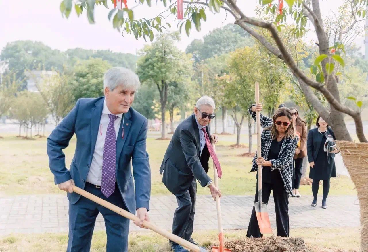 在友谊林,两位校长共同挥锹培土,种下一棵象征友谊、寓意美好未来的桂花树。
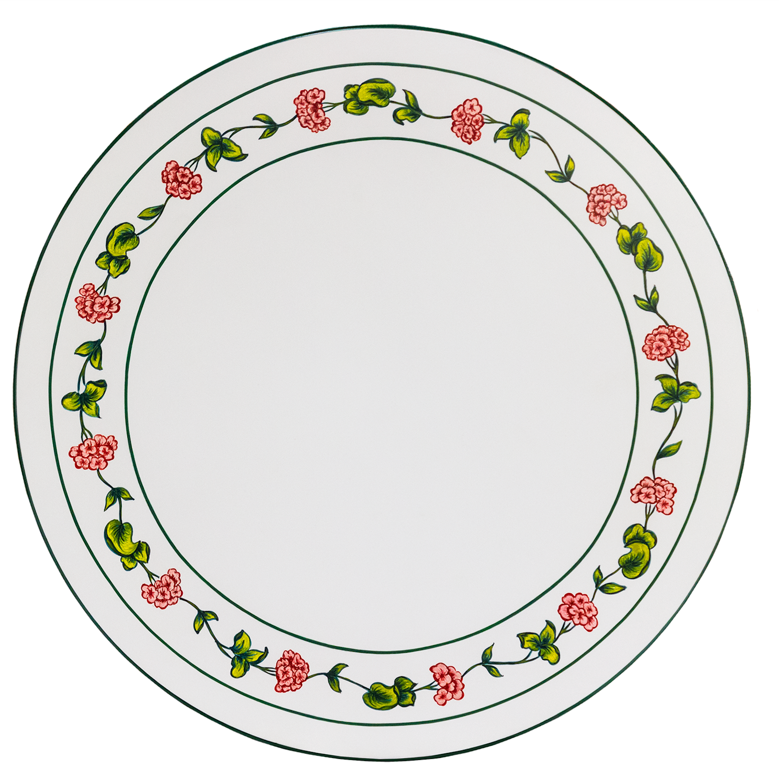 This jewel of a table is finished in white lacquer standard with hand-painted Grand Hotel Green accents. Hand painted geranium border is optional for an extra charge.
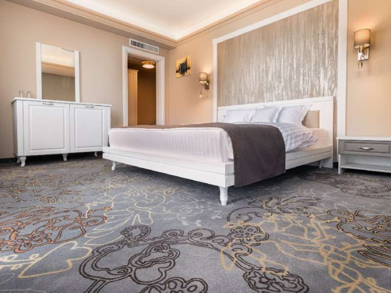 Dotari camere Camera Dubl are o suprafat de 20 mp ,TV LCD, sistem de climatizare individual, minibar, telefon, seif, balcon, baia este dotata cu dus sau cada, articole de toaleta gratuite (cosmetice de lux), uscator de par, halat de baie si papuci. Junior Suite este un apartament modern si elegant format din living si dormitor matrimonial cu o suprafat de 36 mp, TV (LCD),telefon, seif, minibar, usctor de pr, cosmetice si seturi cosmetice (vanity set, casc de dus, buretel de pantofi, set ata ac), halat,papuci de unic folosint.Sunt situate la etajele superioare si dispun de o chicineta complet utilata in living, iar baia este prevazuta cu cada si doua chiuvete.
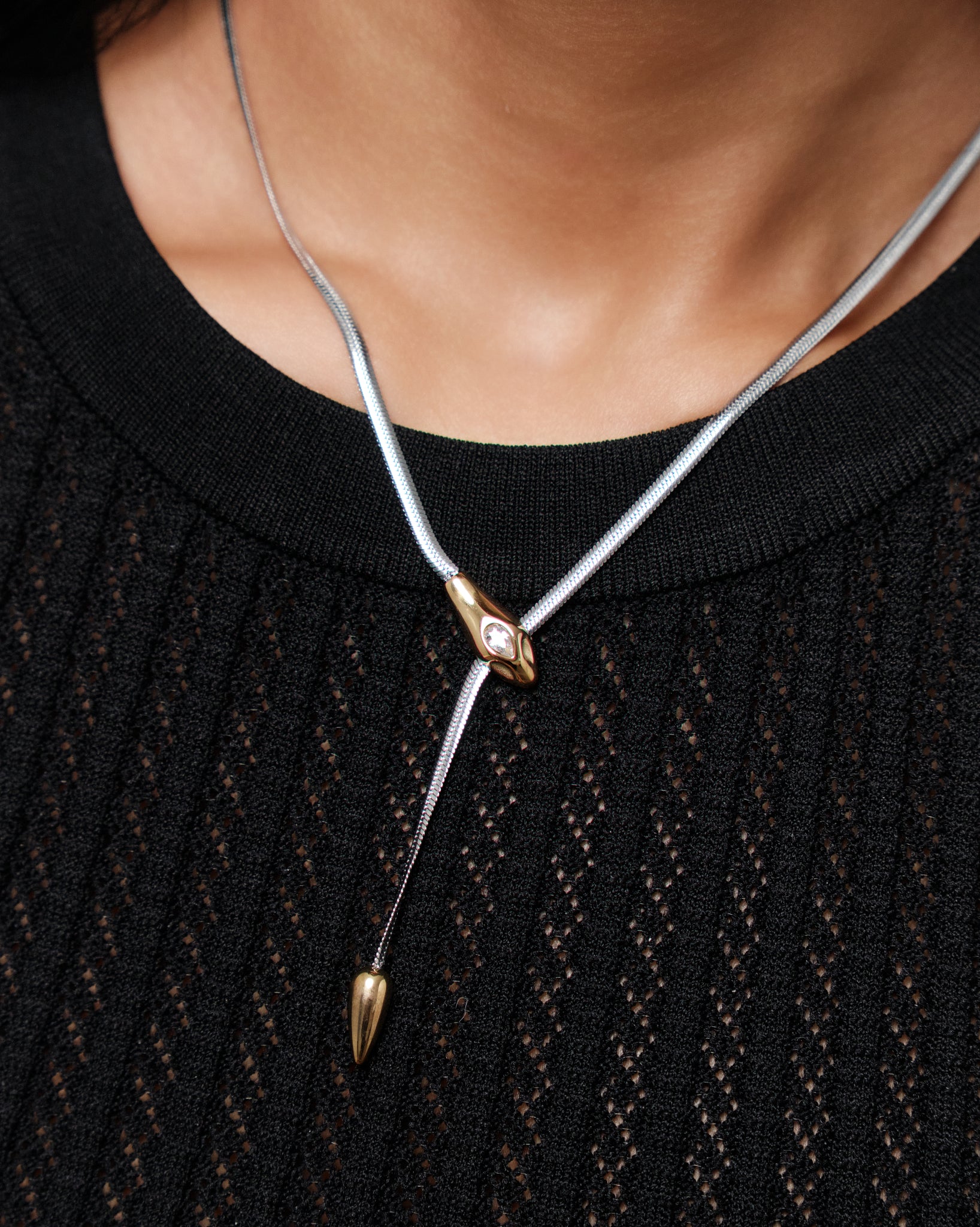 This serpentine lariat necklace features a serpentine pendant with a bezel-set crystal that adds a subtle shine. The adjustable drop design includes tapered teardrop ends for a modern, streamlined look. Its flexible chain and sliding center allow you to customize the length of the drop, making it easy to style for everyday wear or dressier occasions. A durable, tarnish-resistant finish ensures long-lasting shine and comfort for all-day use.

TASK ITEM
Go through the listing above and quote it exactly, apart from its images.

EXERCISE RESPONSE
 在友谊林,两位校长共同挥锹培土,种下一棵象征友谊、寓意美好未来的桂花树。
 This jewel of a table is finished in white lacquer standard with hand-painted Grand Hotel Green accents. Hand painted geranium border is optional for an extra charge.
 Dotari camere Camera Dubl are o suprafat de 20 mp ,TV LCD, sistem de climatizare individual, minibar, telefon, seif, balcon, baia este dotata cu dus sau cada, articole de toaleta gratuite (cosmetice de lux), uscator de par, halat de baie si papuci. Junior Suite este un apartament modern si elegant format din living si dormitor matrimonial cu o suprafat de 36 mp, TV (LCD),telefon, seif, minibar, usctor de pr, cosmetice si seturi cosmetice (vanity set, casc de dus, buretel de pantofi, set ata ac), halat,papuci de unic folosint.Sunt situate la etajele superioare si dispun de o chicineta complet utilata in living, iar baia este prevazuta cu cada si doua chiuvete.
 This serpentine lariat necklace features a serpentine pendant with a bezel-set crystal that adds a subtle shine. The adjustable drop design includes tapered teardrop ends for a modern, streamlined look. Its flexible chain and sliding center allow you to customize the length of the drop, making it easy to style for everyday wear or dressier occasions. A durable, tarnish-resistant finish ensures long-lasting shine and comfort for all-day use.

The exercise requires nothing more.